Substitution Matrices Showed Varying Results

The Grantham, PAM, and BLOSUM amino acid substitution matrices (Grantham 1974; Dayhoff et al. 1978; Henikoff and Henikoff 1992) have previously been reported to correlate with fitness for some proteins, but not for others. Furthermore, though the correlations have been shown to be significant, they have been weak (r = 0.05–0.5) (Jacquier et al. 2013; Lind et al. 2016) and for HisA, only the Grantham matrix and the BLOSUM62 showed a significant but weak correlation when excluding the lethal mutations from the analyzed data set (r = 0.21–0.28, P = 0.014–0.035) (fig. 5A;supplementary fig. S4 and table S4, Supplementary Material online).

Conservation Scoring

Phylogenetic conservation can be used as a measure of importance of each amino acid in a protein and the diversity and conservation of amino acids in a certain position should reflect evolutionary constrains in that position (Mirny and Shakhnovich 1999; Franzosa and Xia 2009; Worth et al. 2009; Daudé et al. 2013; Gerek et al. 2013; Shahmoradi et al. 2014; Sikosek and Chan 2014; Yeh et al. 2014; Echave et al. 2016). The best prediction of fitness for HisA was accomplished with a conservation scoring method by ConSurf (r = 0.33) (fig. 5B;supplementary fig. S4 and table S4, Supplementary Material online), which was worse than the correlation reported previously for the enzyme AraD (r = 0.49), the AraCE proteins (rAraC = 0.58, rAraE = 0.47) (Lind et al. 2016), as well as the avGFP (r = 0.40) (Sarkisyan et al. 2016).
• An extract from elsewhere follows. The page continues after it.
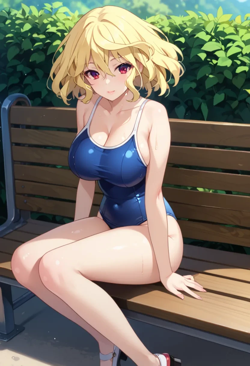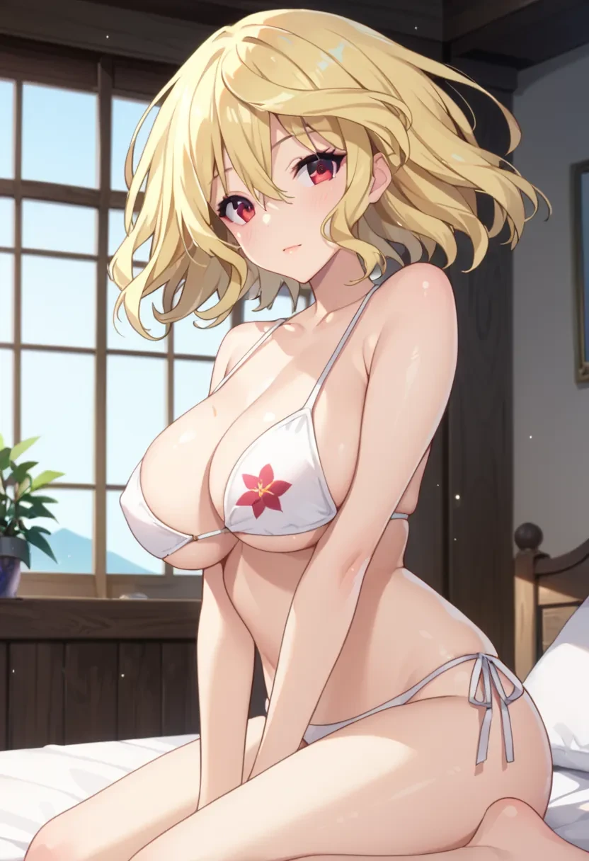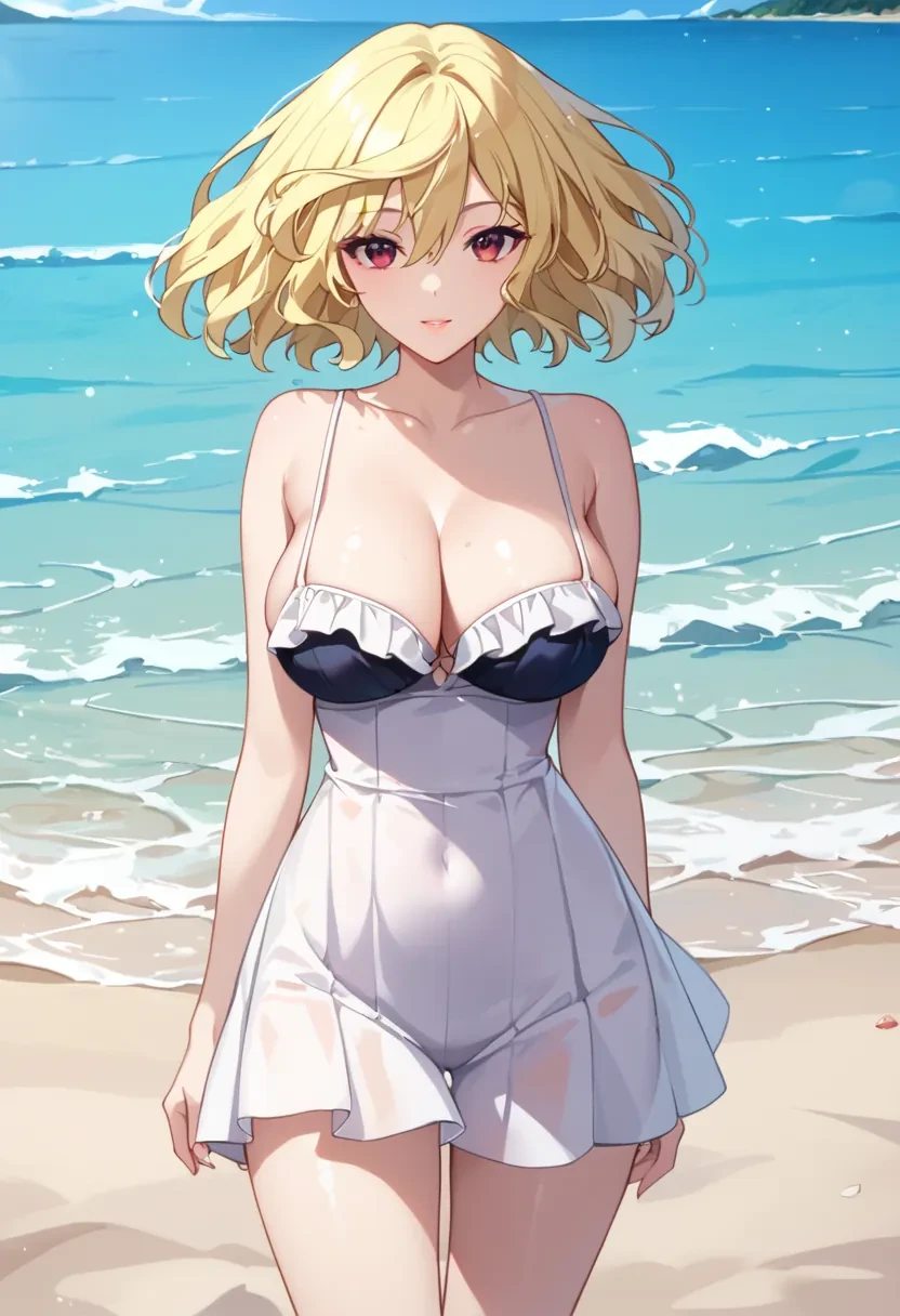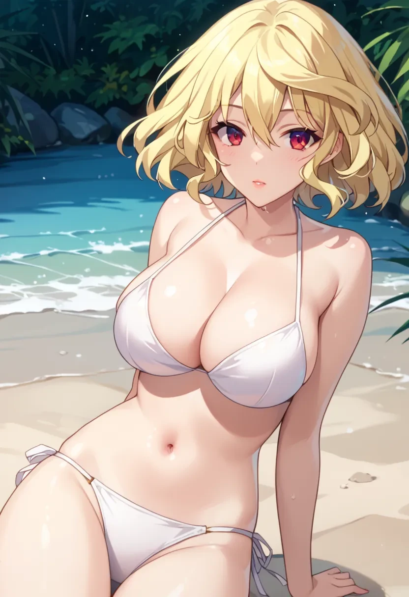 Mitsuki, blonde hair,short hair, red eyes, large breasts,Outfit:
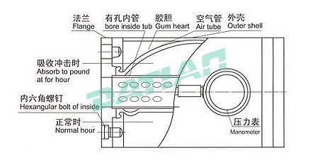 Y900P水錘消除器采用活塞氣囊式內(nèi)部為密封的容氣腔。下端為活塞,當(dāng)沖擊波傳入水錘消除器時,水擊波作用于活塞上,活塞將被推往容氣腔的方向運(yùn)動,活塞在一定壓力的氣體和不規(guī)則水擊波雙重作用下做上下運(yùn)動,形成一個動態(tài)的平衡,這樣就消除了不規(guī)則的水擊波震蕩。

However, the correlation was better than ribosomal proteins, in which no significant correlation was found (Lind et al. 2010).

Structure-Based Methods

Biophysical properties (such as solvent accessibility, melting temperature, and thermodynamic stability) are predicted to have a big impact on protein evolution and fitness (Green et al. 1992; DePristo et al. 2005; Ramsey et al. 2011; Wylie and Shakhnovich 2011; Sikosek and Chan 2014; Boucher et al. 2016; Echave et al. 2016). Previous studies have found extensive support for the effect of mutations on thermodynamic stability (ΔΔG) and rate of protein evolution (DePristo et al. 2005; Tokuriki et al. 2008; Tokuriki and Tawfik 2009c; Wylie and Shakhnovich 2011). However, it does not fully explain the variance observed in several studies, nor in HisA, with correlations varying between nonsignificant and r = 0.4 (Green et al. 1992; Holder et al. 2001; Lind et al. 2010, 2016; Jacquier et al. 2013) (fig. 5C;supplementary fig. S4 and table S4, Supplementary Material online). Neither did the difference in melting temperature (ΔTm), correlate with HisA fitness. The lack of linear correlation between fitness and ΔΔG values could be due to a stability threshold, where only mutations affecting the stability enough to reach a certain threshold value will have a negative effect on fitness (Jiang et al. 2013; Keren et al. 2016; Li et al. 2016; Sarkisyan et al. 2016). Even though the relative accessible surface area (rASA) have been reported to be a major determinant of evolutionary rate at single amino acid positions in proteins (Franzosa and Xia 2009), we observed only weak correlation with fitness in HisA (r = 0.22, P < 0.05; fig. 5C;supplementary fig. S4 and table S4, Supplementary Material online), similar to what has been reported for TEM-1 β-lactamase (Jacquier et al. 2013), AraCDE (Lind et al. 2016), and ribosomal proteins (Lind et al. 2010). One of the best (and simplest) predictors of mutational effects on organismal fitness when lethal mutations were included was the distance between the mutated amino acid and the HisA substrate in the crystallographic structure (r = 0.38, P < 0.001).

RNA Stability Predictors

The stability of RNA can also affect the protein fitness. Mutations can interfere with the RNA structure and stability or disturb the translation of the protein, causing lower expression (Kudla et al. 2009; Lind et al. 2010; Goodman et al. 2013; Lind and Andersson 2013; Brandis et al. 2016). None of the tested methods for determination of RNA folding ΔΔG correlated to fitness regardless of the data set considered (r = 0.04–0.09, P > 0.4) (fig. 5D;supplementary fig. S4 and table S4, Supplementary Material online).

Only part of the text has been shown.